Hardware, software and wetware: How is the brain so computationally efficient?

Speaker: Upinder S. Bhalla

Abstract

Even in the age of GPUs that run at GHz, the brain still stands out as small, fast, and efficient. To first order, a single neuron (brain cell) can be simulated by a rather substantial neural network model, or by a large system of partial differential equations. What computations can the real neuron do with these complex dynamics? I'll discuss two examples, one like the prediction of where a cricket ball will fly, and the other related to the what was that? moment when we hear a repeated sound amidst background noise. One of the uniquely powerful capabilities of neurons is their ability to extract salient signals from complex patterns in space and time, against a background of uncorrelated neural activity. The trajectory prediction problem can be framed as sequential pattern recognition. I'll discuss how sequential pattern recognition is implemented in neurons, and how this operation is equivalent to the functioning of a convolutional neural network. I'll then take on the what was that? problem of recognizing unique repeated inputs. I'll discuss some preliminary data which suggests that excitatory- inhibitory (EI) balance is asymmetric with respect to sequences of patterns.

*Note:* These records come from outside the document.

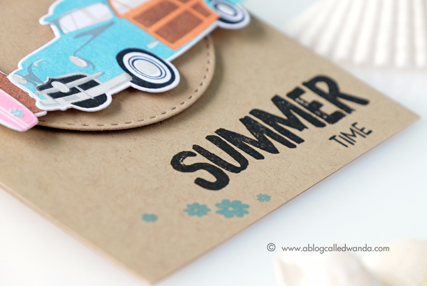 This final card today is clean and simple. I started with an A2 Kraft Card base and then die cut a Kraft circle for the focal point of the card. I stamped and die cut out the palm tree, wagon, and surfboard and then assembled the elements onto the circle. The little flowers stamped around the circle are the accent stamps for the surfboard!
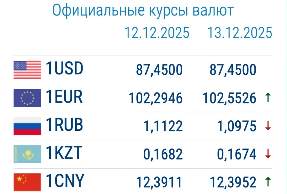 Курс доллара остается на уровне 87,45 сома, тогда как евро показывает рост, а рубль, напротив, теряет в стоимости.
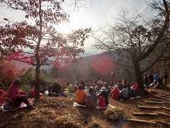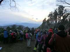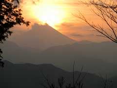 景信山、小仏城山、一丁平を過ぎて待合せ予定の紅葉台に登ると富士山にカメラを向けてシャたーチャンスを狙っている多くのカメラマンに少々驚く... Iさん、Oさんと合流後、富士山山頂に沈む太陽(ダイヤモンド富士)を見てからケーブルカーで下山後、忘年会で幾重にも楽しめた一日となる。
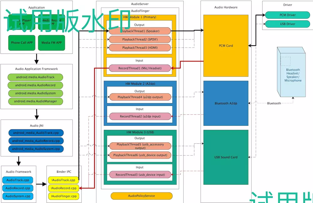 每类音频外设模块(HW Module)会实现一份 Audio HAL,AudioServer 将处理后的音频流发送至 Audio HAL,Audio HAL 再将音频流转发至对应的驱动或外设实现播放。声音录制流程则正好相反。
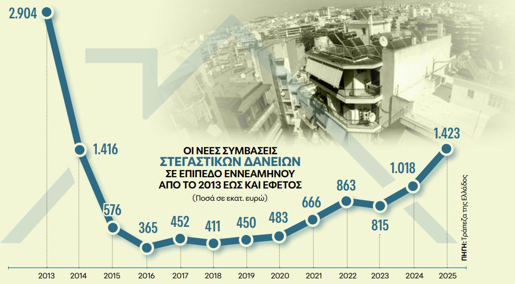 Τραπεζική πηγή εκτιμά ότι το 2025 θα κλείσει με νέα στεγαστικά δάνεια ύψους 2 δισ. ευρώ, εκ των οποίων τα 500 εκατ. ευρώ μέσω του εν εξελίξει επιδοτούμενου από το Δημόσιο προγράμματος.
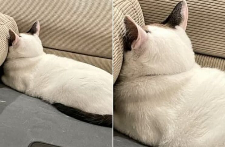 好奇心が招いた悲劇?ソファの隙間で身動きが取れなくなった猫の「死んだ目」が可愛すぎる
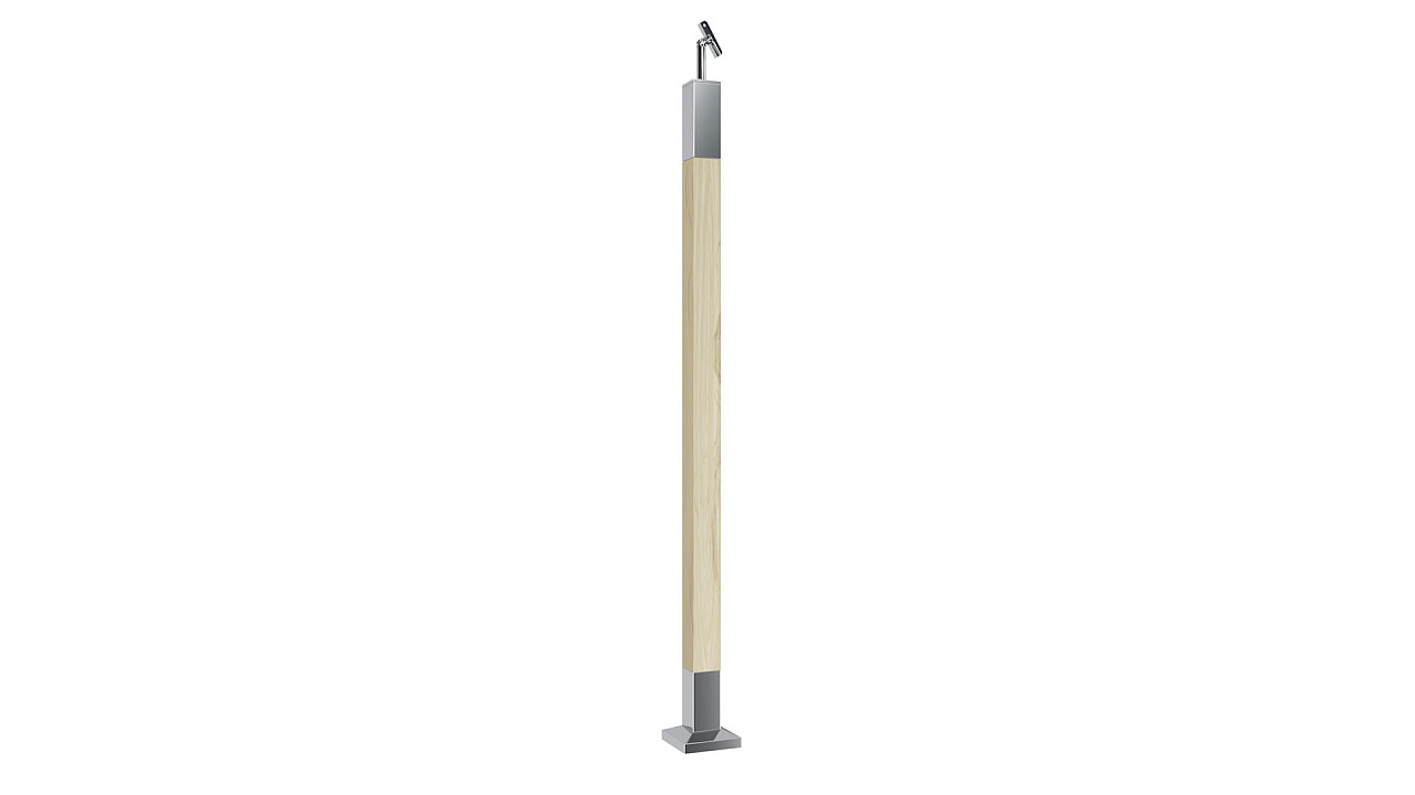 Готовая стойка 40х40х950 мм, деревянная буковая нелакированная, со вставками из нержавеющей стали полир. 2х100 мм k740-9-П

This means that certain spatiotemporal input sequences can 'escape' EI balance and cause the neuron to become more active. Overall, both these computations, take advantage of the intricate biophysics and biochemistry of the neuron to perform real-time pattern recognition with extraordinary energy efficiency.

Bio

How does the brain work? I came to this question in a roundabout way, first through an interest in physics at IIT Kanpur and Cambridge. There I realized that biology was full of amazing mechanisms, and the brain especially so. I did my PhD at Caltech, in what was then a new area of computational neuroscience. Throughout my career I have used computers both as a tool and a metaphor to understand the brain. I have been at NCBS-TIFR in Bangalore since 1996, and here I have studied how animals recognize and find odours, and how memories are formed and stored. I have been deeply involved in efforts to develop open simulation tools and neuronal data, and to promote sharing. I continue to work on the chemical signaling networks in the brain, which underlie everything from memories and computation, to growth, disease, and aging.